El hombre sin sombra
Ahora que La Roja nos sonroja y amistosamente nos vapulean, voy a hablarles de otra cosa. El 1 de octubre del 2010, un avezado jefe de deportes, apellidado Sámano y apodado por mí Manitú, contrató al perspicaz detective privado en paro Martín Girard, que soy yo, para que se convirtiera en la sombra del entrenador Mourinho desde la llegada de este al Real Club Florentino hasta la culminación de la más injusta por descompensada Liga del mundo. El triunfo del mejor entrenador portugués de todos los tiempos al frente del mejor equipo de la historia del fútbol, desde los años en blanco y negro hasta la era del ladrillo, resultaba previsible. O no tanto. Mou, apelativo cariñoso que camufla en realidad un carácter de cardo borriquero, no las tenía todas consigo. Hombre religioso, emprendió un viaje iniciático a la isla de San Michele, cementerio veneciano donde el fantasma de Helenio Herrera juega a las tabas con Edra Pound.
Siguiendo los sesgados consejos de su difunto antecesor, Mourinho logró que el Real Florentino recuperara la cabeza y Ronaldo los pedales. Pero él perdió la compostura. Y la sombra. Una mañana se despertó y comprobó con espanto que, en sueños, había vendido por un palmo de pedestre gloria su sombra a un buhonero que, al parecer, comerciaba con las sombras de los famosos para tejer una alfombra voladora con la que ensombrecer el mundo cada vez que salía el sol. Esa era la astuta artimaña con la que el buhonero en cuestión pretendía igualar las buenas y malas sombras haciendo compartir, para bien o para mal, la misma sombra a toda la humanidad. Mourinho, hombre de derechas, tuvo enseguida la sospecha de que el embaucador que le había dejado sin sombra en época de recortes no podía ser otro sino el presidente Zapatero, que, para mayor inri, era del Barça. No dando crédito a lo acontecido, se apresuró a reclamar a su lado la presencia del hasta entonces ninguneado Zinedine Zidane para que le sirviera de sombra cada vez que la luz lo requiriera. Pero pronto se dio cuenta de que nadie podría hacer las veces de su sombra si no se calzaba sus zapatos, cosa esta que no estaba dispuesto a consentir.

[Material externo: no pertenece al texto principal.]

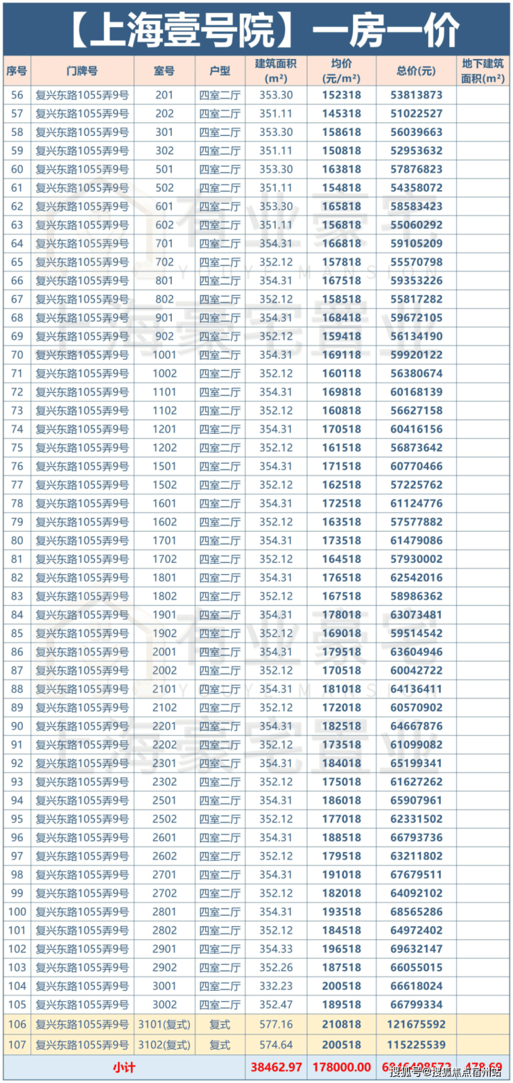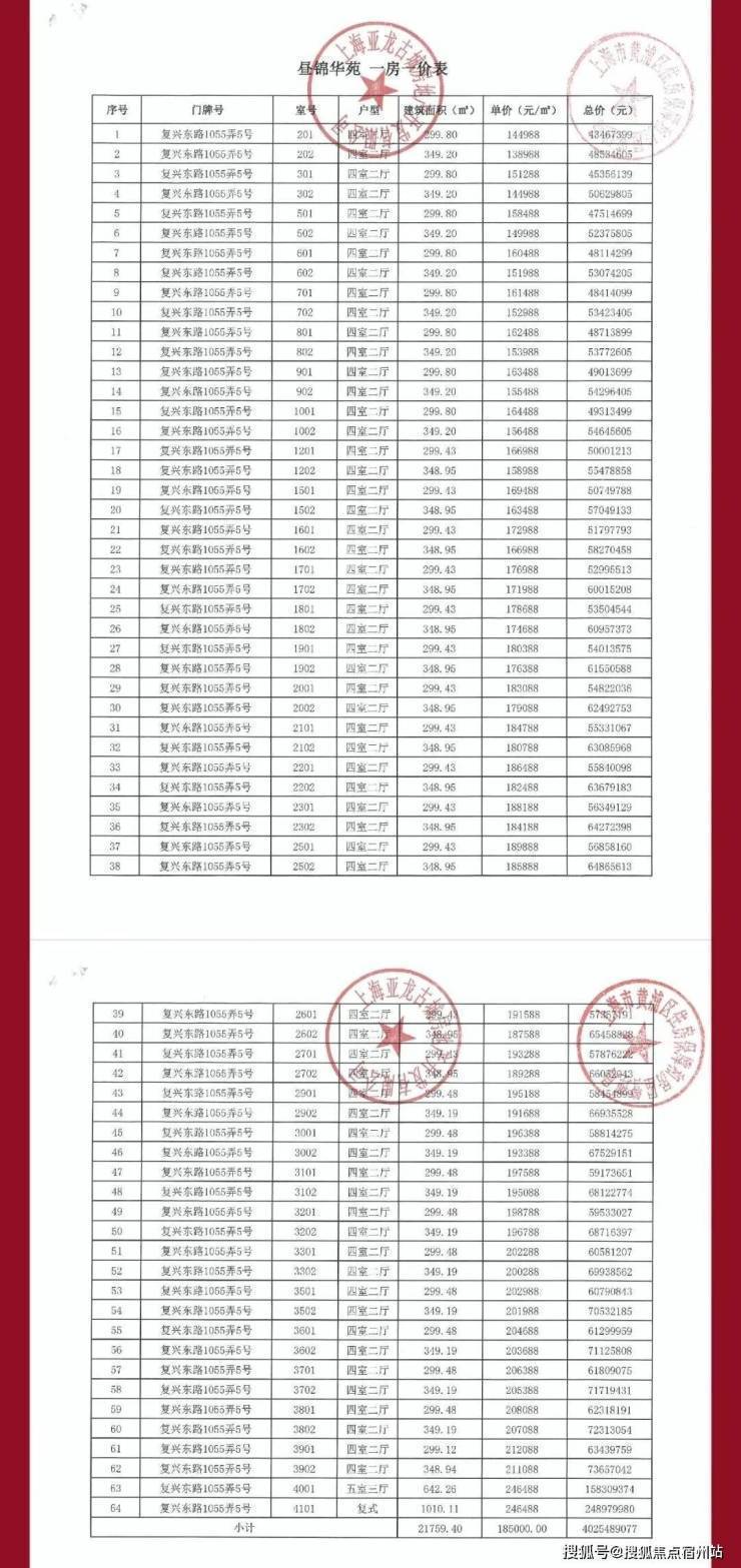 四批次一房一价表

Razón por la cual el bueno de Zidane siguió relegado al limbo Florentino, zona fría y umbría celosamente custodiada desde la franja de penumbra por el sigiloso y melifluo Valdano.

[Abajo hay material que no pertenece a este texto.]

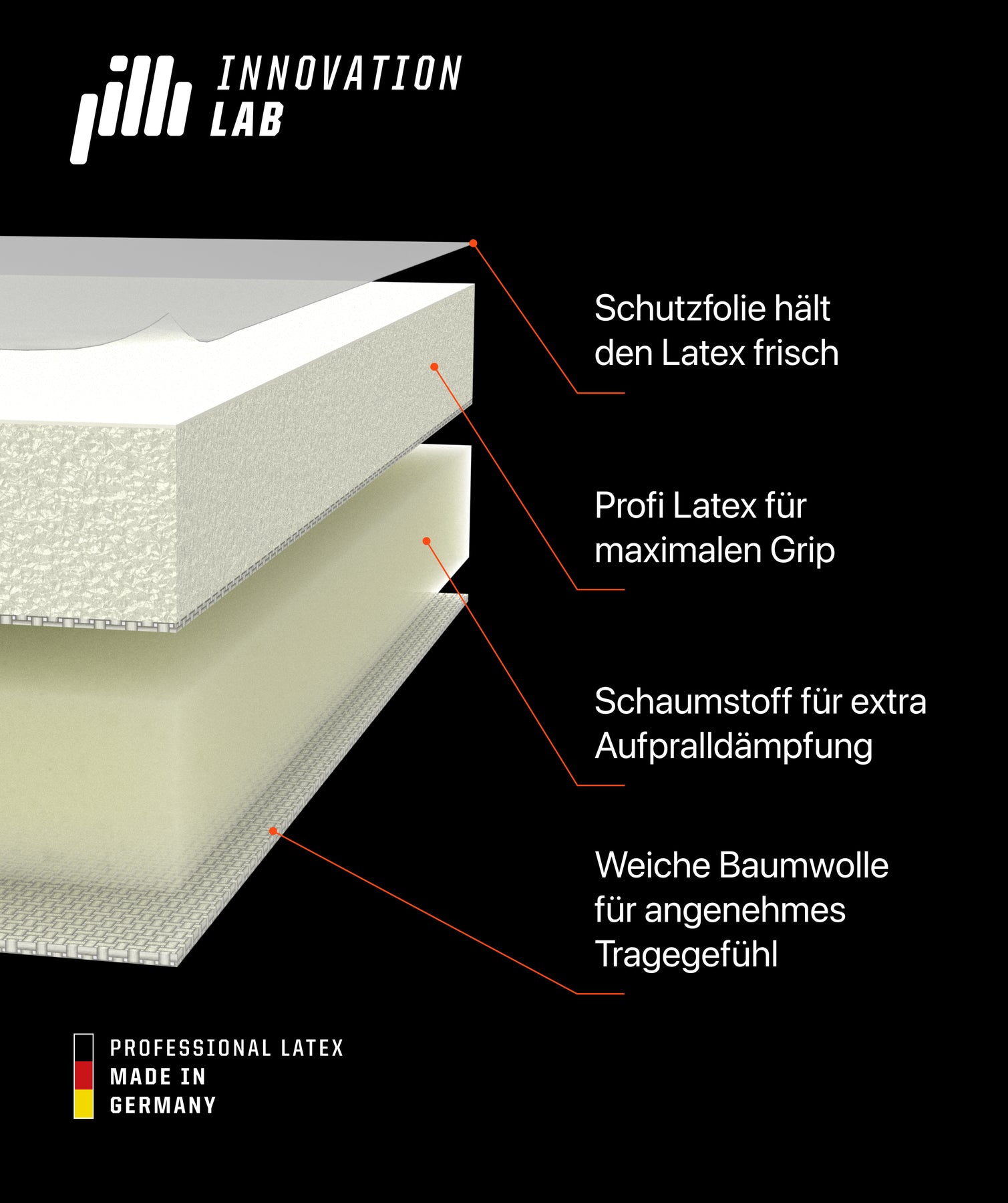 Wir haben zum Beispiel einen widerstandsfähigeren Latex speziell für Kunstrasen oder den Einsatz im Jugendbereich und einen Latex speziell für nasses Wetter. Es kommt immer auf die Bedingungen an, unter denen du deine Handschuhe einsetzen willst.

¿Cómo convertirse en la sombra de un hombre sin sombra sin calzarse sus zapatos?, se preguntaba Martín Girard mientras la lluvia repiqueteaba en los cristales y los leños crepitaban en la chimenea. De improviso, con el resplandor de un relámpago sin trueno, comprendió que el hombre sin sombra no tenía sombra porque las sombras no tienen sombra, y el llamado Mou ya era, en sí mismo, una sombra. Y no precisamente la sombra del fantasma de Helenio Herrera como se ha proclamado en la Italia de Berlusconi con inequívocas añoranzas de Mussolini, sino su propia sombra. Lo del buhonero en sueños solo era una patraña freudiana reminiscente de Las Mil y Una Noches, admitió a regañadientes Martín Girard.

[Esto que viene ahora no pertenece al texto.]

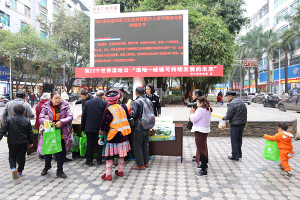 绿春:绿春县森林公安局通过展示宣传牌、宣传标语、发放宣传单、移动宣传车等形式围绕主体进行宣传。活动中,共设立“世界湿地日”宣传活动点1点,悬挂大幅宣传标语26幅,发放“关注湿地、爱护湿地”和湿地基本知识宣传单600余份,出动宣传车辆1辆次。通过宣传,进一步提高了人民群众保护湿地的意识,促进了绿春生态文明建设可持续发展。

En realidad, había bastado un supremo ejercicio de narcisismo para que Mou, no pudiendo soportar el neurobiológico lastre que su sombra arrastrada por tierra le suponía, se puso a cuatro patas y la engulló entera. Empezando por la confluencia de la suela con el suelo y acabando en el confín de la encrespada coronilla, como quien se traga un felpudo. Fue tanta su avidez que se le atragantó a la altura del epigastrio. Desde entonces, simulando que masca chicle, regurgita y rumia su sombra con aire sombrío y rictus despectivo, como si fuera a escupir por el colmillo o estuviera perpetuamente enfadado. Lo está. A este caudillo malencarado no le basta jugar en casa al amparo de soflamas rojigualdas y patrióticos exabruptos (como si su equipo, formado en mayoría por mercenarios extranjeros, incluido él, representara la quintaesencia de lo español), necesita además denigrar a los contrincantes de su más directo rival difundiendo el infundio de que se dejan ganar. Pero Martín Girard se preguntaba para sus adentros si el estilo barriobajero no era, en definitiva, un requisito indispensable para vivir y triunfar en consonancia con nuestro zafio tiempo. Por cierto, dicho sea de paso, me acaban de comunicar que la mujer invisible está embarazada. No sé de quién.